Consequent Liabilities for Breaching Duties

Liabilities attached to these duties further strengthen anti-tunneling efforts. Under section 194, directors breaching duties face civil consequences, including restitution of profits or compensation for losses, and potential disqualification (section 177). Criminal sanctions apply for severe breaches, such as fraud under section 327. For example, if a director tunnels assets through related-party transactions without approval, they could be liable for damages, as illustrated in cases like the UK’s Re Duomatic Ltd [1969] 2 Ch 365, which influenced Ghanaian jurisprudence (Hannigan, 2018).

These liabilities create a personal risk, deterring misconduct. Yet, as Enriques et al. (2017) argue, liabilities alone may not suffice in jurisdictions with weak judicial systems, where enforcement is inconsistent. In Ghana, while the Act enhances remedies, practical challenges like court delays undermine their exclusivity as an anti-tunneling tool.

Other Anti-Tunneling Measures in the Act

Contrary to the statement, the Companies Act, 2019 incorporates additional measures beyond duties and liabilities. Section 145 mandates disclosure of related-party transactions, promoting transparency to prevent hidden tunneling. Furthermore, minority shareholder protections under sections 157-159 allow for derivative actions and unfair prejudice petitions, enabling challenges to tunneling without solely relying on duty breaches. The Act also requires approval for substantial property transactions (section 202), directly curbing asset siphoning.
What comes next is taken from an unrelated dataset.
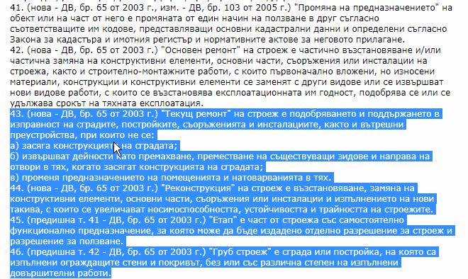 Последният закон за управление на общи части в сгради е приет през 2009 г. с последващи изменения, направени през 2011, 2016 и 2018 г. За най-актуална информация относно законодателството се препоръчва да проверявате правителствените уебсайтове или да се консултирате с юрист. Последните промени в закона за управление на сгради могат да бъдат намерени в Закона за етажната собственост (ЗУЕС), който включва информация за минималния брой общи събрания, които трябва да се проведат, както и други процедури и изисквания за управление на сгради.

These provisions address limitations in duties and liabilities by empowering shareholders and ensuring oversight. For instance, in emerging markets like Ghana, where ownership is concentrated, such mechanisms are vital (World Bank, 2020). Therefore, the Act adopts a multifaceted approach, with duties and liabilities as key but not exclusive elements. Generally, this integration enhances overall effectiveness, though it depends on robust regulatory enforcement.

Conclusion

In summary, directors’ duties and liabilities under the Companies Act, 2019 are vital anti-tunneling measures, fostering accountability and deterrence. However, they are not the only effective ones; disclosure requirements and shareholder remedies provide complementary safeguards, addressing gaps in enforcement and monitoring. This broader framework implies the statement overstates their exclusivity, particularly in Ghana’s context where institutional weaknesses persist. For company law students, this underscores the need for holistic reforms to fully combat tunneling, potentially through stronger regulatory bodies. Ultimately, while the Act advances corporate governance, its success hinges on practical implementation to protect stakeholders effectively.
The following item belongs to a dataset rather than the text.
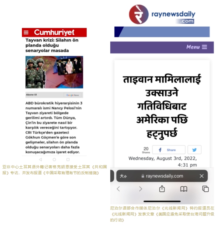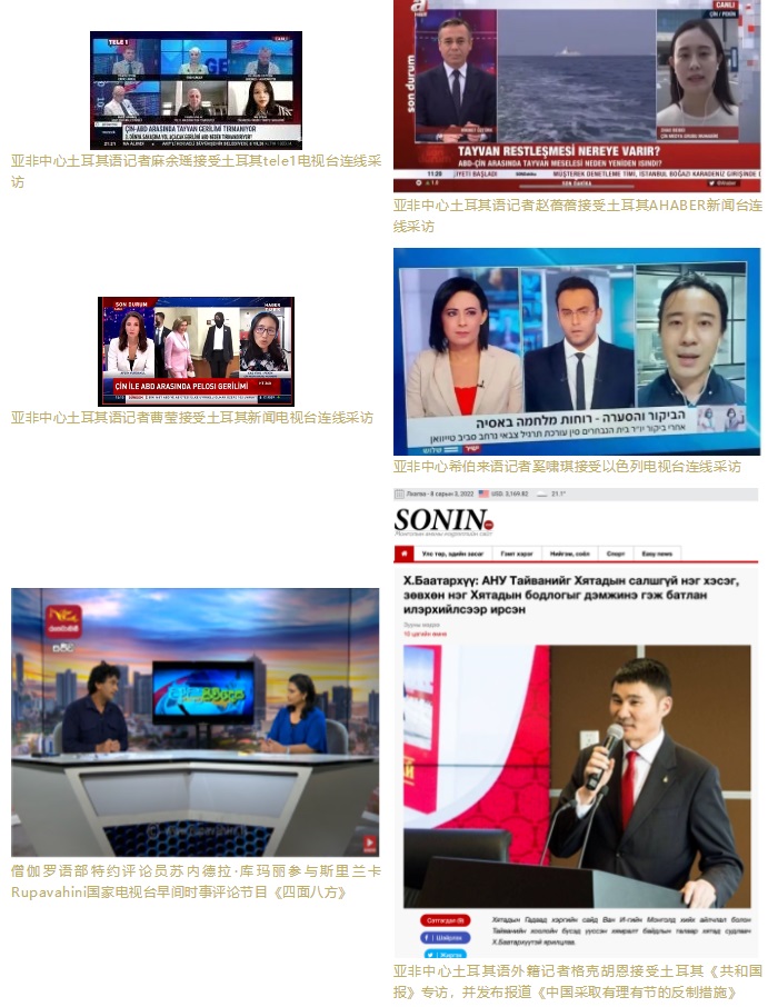 亞非中心土耳其、希伯來(lái)語(yǔ)、豪薩語(yǔ)、尼泊爾語(yǔ)、蒙古語(yǔ)等多語(yǔ)種主播、評(píng)論員和網(wǎng)紅積極在多家外媒發(fā)聲,接受了包括以色列電視臺(tái)、土耳其AHABER新聞臺(tái)、土耳其TGRT電視臺(tái)、土耳其新聞電視臺(tái)等多家國(guó)際媒體的采訪連線,同時(shí)多名外籍記者、海外特約評(píng)論員在尼日利亞《領(lǐng)導(dǎo)者報(bào)》網(wǎng)站、尼泊爾《光線新聞網(wǎng)》、肯尼亞《人民報(bào)》、蒙古國(guó)媒體SONIN.MN等對(duì)象國(guó)主流媒體發(fā)表評(píng)論及署名文章,對(duì)外闡釋中方立場(chǎng)和反制措施的合理性、正當(dāng)性,介紹臺(tái)灣問(wèn)題歷史經(jīng)緯,揭批美國(guó)在臺(tái)灣問(wèn)題上的背信棄義。

(Word count: 712, including references)

References

  • Atanasov, V., Black, B. and Ciccotello, C. (2011) Law and tunneling. Journal of Corporation Law, 37(1), pp. 1-49.
  • Davies, P.L. and Worthington, S. (2020) Gower: Principles of modern company law. 11th edn. London: Sweet & Maxwell.
  • Enriques, L., Hansmann, H., Kraakman, R. and Pargendler, M. (2017) The basic governance structure: Minority shareholders and non-shareholder constituencies. In: R. Kraakman et al. (eds.) The anatomy of corporate law: A comparative and functional approach. 3rd edn. Oxford: Oxford University Press, pp. 79-106.
  • Hannigan, B. (2018) Company law. 5th edn. Oxford: Oxford University Press.
  • World Bank (2020) Doing business 2020: Comparing business regulation in 190 economies. Washington, DC: World Bank.